I know what your saying. And, though it wasn't that long ago for me I almost don't remember that feeling anymore. And yet I do. I think a big part of it is the feeling of isolation of having young children. It is isolating because they are your world and all you do is for them. It is hard to carve out time that isn't already consumed by them. Seems I remember you writing about this last summer too. ?? Perhaps the change in the schedules and your daily doings really throws you for a while? Hang in there.

Deb C. said...

Yes, the wonders of medicine. St. John's Wort I'm told has worked wonders for someone I know who has a tendency to YELL ALL THE FREAKIN TIME. So give it a try. If it works, great. If not, then try Dr. Phil's advice where he says "so, how's that workin' for ya"? (If what you're doing is not working, you need to do something different).
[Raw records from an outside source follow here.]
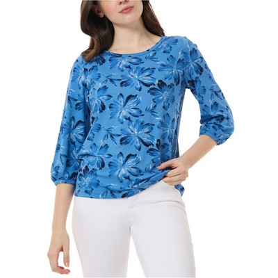 Jones New York Womens Brown Top Floral Peasant Blouse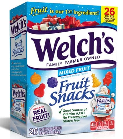 Welch's Holiday Fruit Snack come in seasonal shapes like snowman, ornament, tree, Santa, and snowflake. 26 - 0.5 oz fun sized pouches of mixed fruit snacks. Made with real fruit, fat free, gluten free, and no preservatives. Perfect for stockings, parties and classroom exchanges.Specifications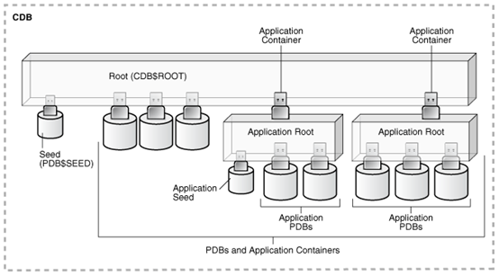 在12cR2版本中Oracle带来新的Application Containers特性,该特性对原有的多租户功能进行了增强,在CDB root容器中可以创建一个叫做Application root的容器,类似于CDB root,可在其内创建多个依赖于Application root的Application PDBs,其架构图如下: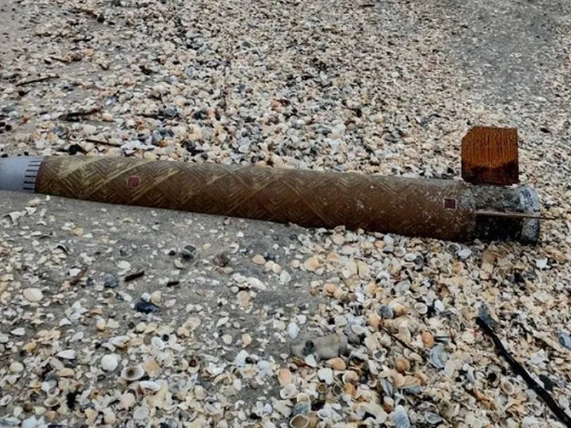 Alertă la Gura Portiţei - Periboina, după găsirea componentei unei rachete, pe plajă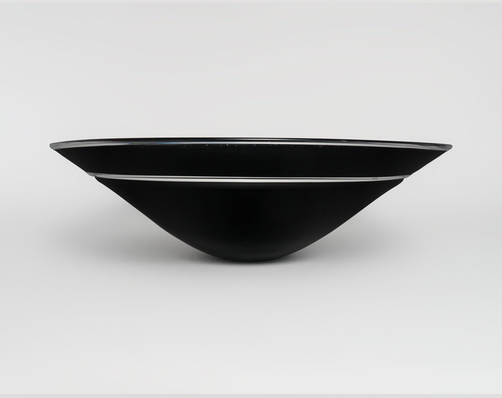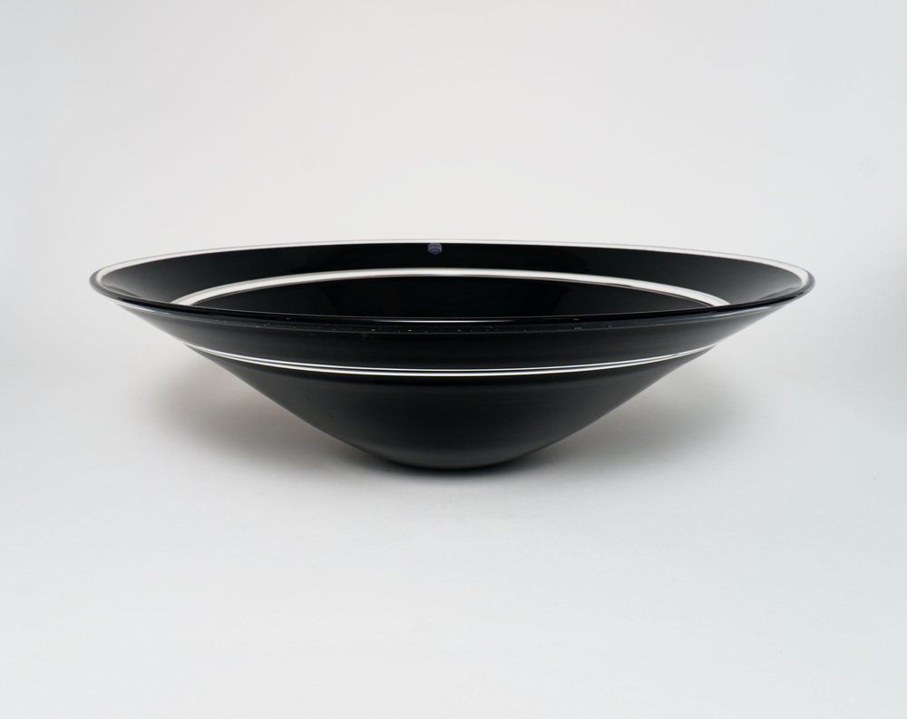 Large Vintage Black Murano Glass Incalmo Centrepiece Bowl from Cenedese, 1980s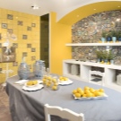 مجموعة كبيرة ومتنوعة من البلاط تجعل من الممكن تجسيد أكثر الأفكار غير العادية وإنشاء تصميم داخلي فريد في المطبخ. يعتمد اختيار مادة التشطيب هذه بشكل أساسي على التصميم الأسلوبي العام ويتكون من أنواع مختلفة من الفروق الدقيقة..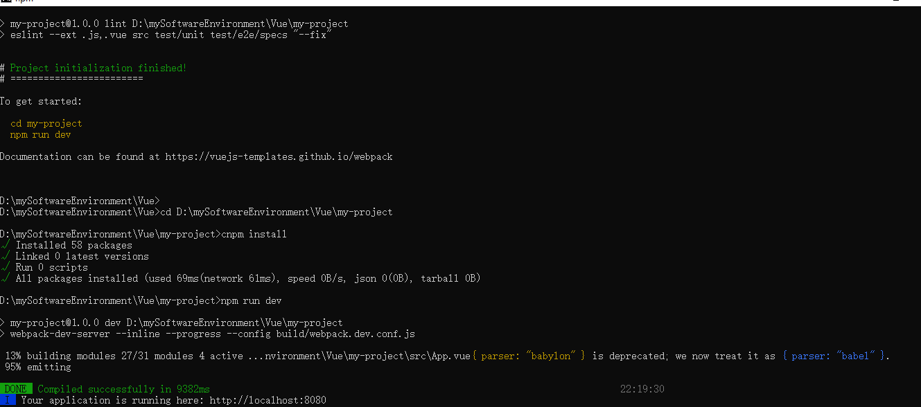 然后命令行键入创建一个基于 webpack 模板的新项目: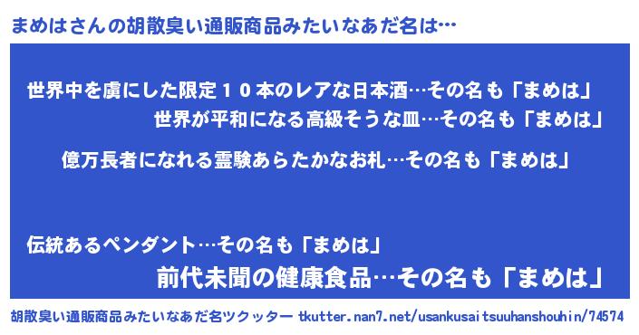 | ヘコむあだ名 | 『まめもー』『まめは(爆)』 |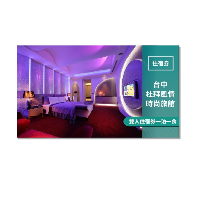 台中【杜拜風情時尚旅館】雙人住宿券一泊一食(MO)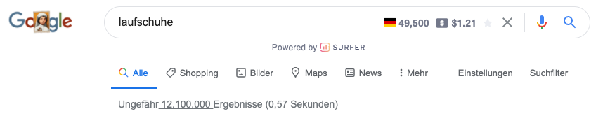 Eine Alternative zu Ubersuggest ist der Keyword Surfer, der ebenfalls eine Extension für Chrome und Firefox ist. Auch hier können Sie für jede Suchanfrage die relevanten Daten wie Suchvolumen und CPC erfassen – allerdings ohne Einschränkungen und Limits. Zudem zeigt das Tool unter jeder URL den geschätzten, monatlichen Traffic der Website, Anzahl der Wörter sowie Anzahl des genauen Keywords auf der jeweiligen Seite an.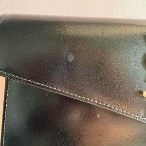 Crafted from smooth black leather with a structured envelope silhouette, this clutch is elegant, versatile, and always in style.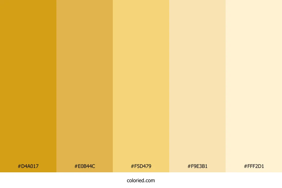 ![]() | #D4A017 | 212, 160, 23 | 43, 80%, 46% | 0%, 25%, 89%, 17% | oklch(0.735 0.146 84) |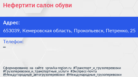 Нефертити, салон обуви по адресу 653039, Кемеровская область, Прокопьевск, Петренко, 25 в дальнейшем Организация, размещена в следующих категориях: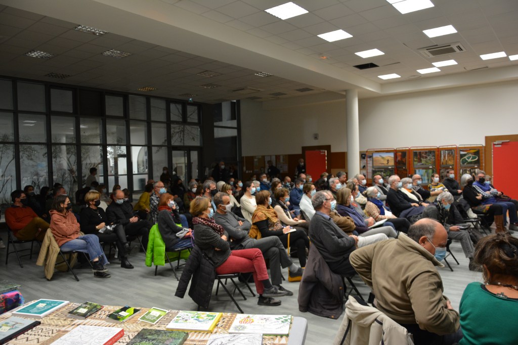 La salle du Pic Saint-Loup mise à disposition par la commune est au maximum de son occupation avec un peu plus de 100 personnes accueillies pour fêter les 10 ans de l’association A.R.B.R.E (Association Restinclières Beaulieu pour le Respect de l’Environnement).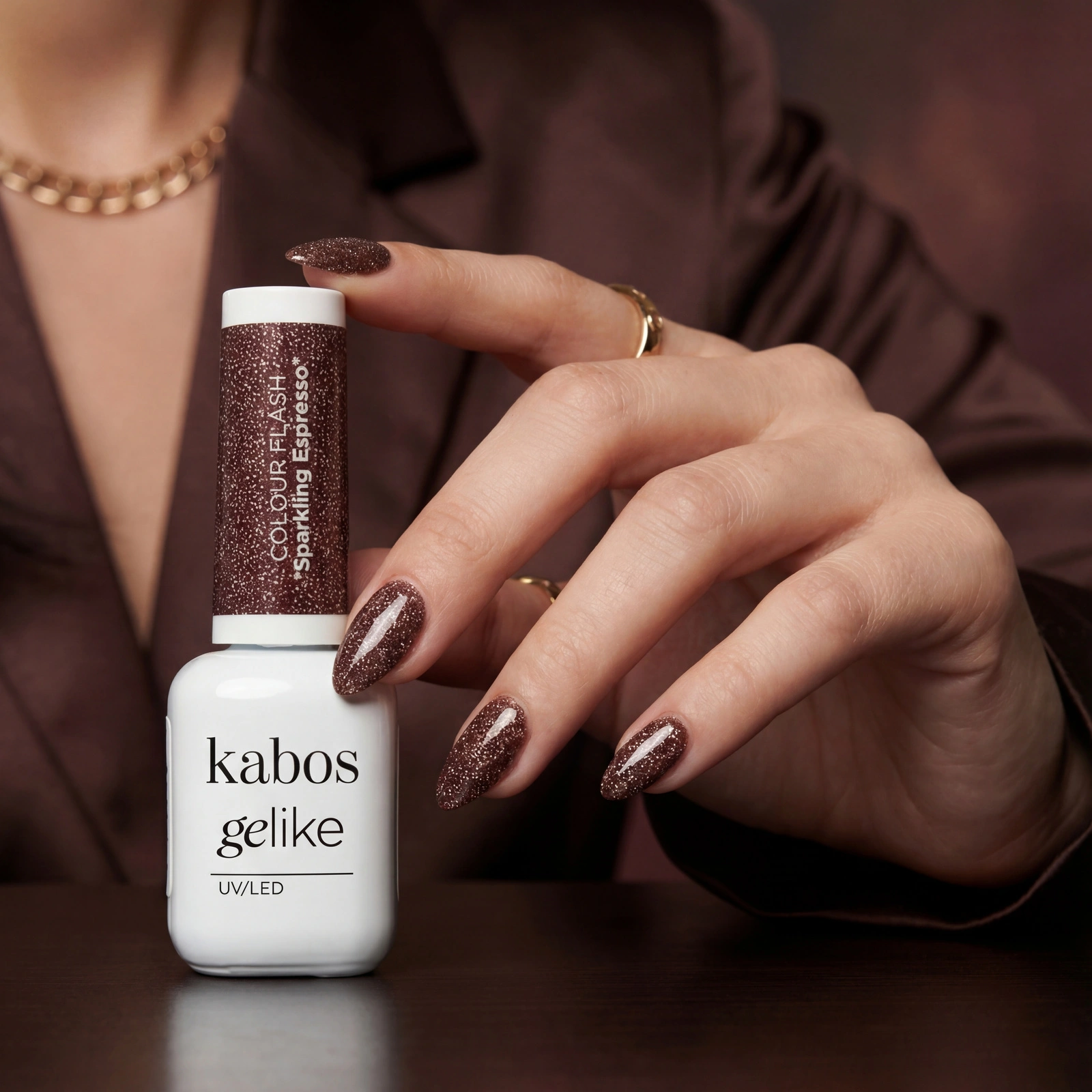Gelike Flash Sparkling Espresso łączy w sobie klasykę, głębię koloru i delikatny blask, tworząc stylizację, która wygląda świeżo, elegancko i wyjątkowo przez wiele dni.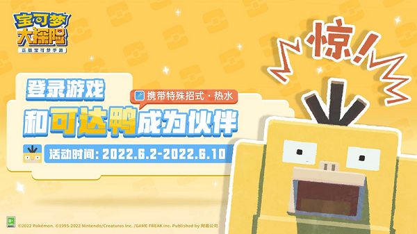 可达鸭这段时间可谓是当之无愧的“顶流”宝可梦,抢不到玩具不要紧,《宝可梦大探险》免费送!6月2日至6月10日活动期间,只需探险家们登录游戏,就能把人气明星可达鸭带回家!值得一提的是,这次的可达鸭自带特殊招式·热水,战力极高,一定能成为探险家队伍里的中流砥柱!

Ya just gotta laugh sometimes! Do you remember laughing? Reeaaally laughing?

montague said...

oh man, i hear you. love to you.

Sarah and Jack said...

How appropriate that I would read this today, after the world's shittiest morning. :-/

Anonymous said...

I've spent the last year behaving like this and only realized this spring that it was driving me crazy. I decided to let go of stuff and responsibilities. The stuff is hard and easy to let go of and luckily the few responsibilities that I had were sort of easy to. Now figuring out how to enjoy life again is the hard part. Go figure.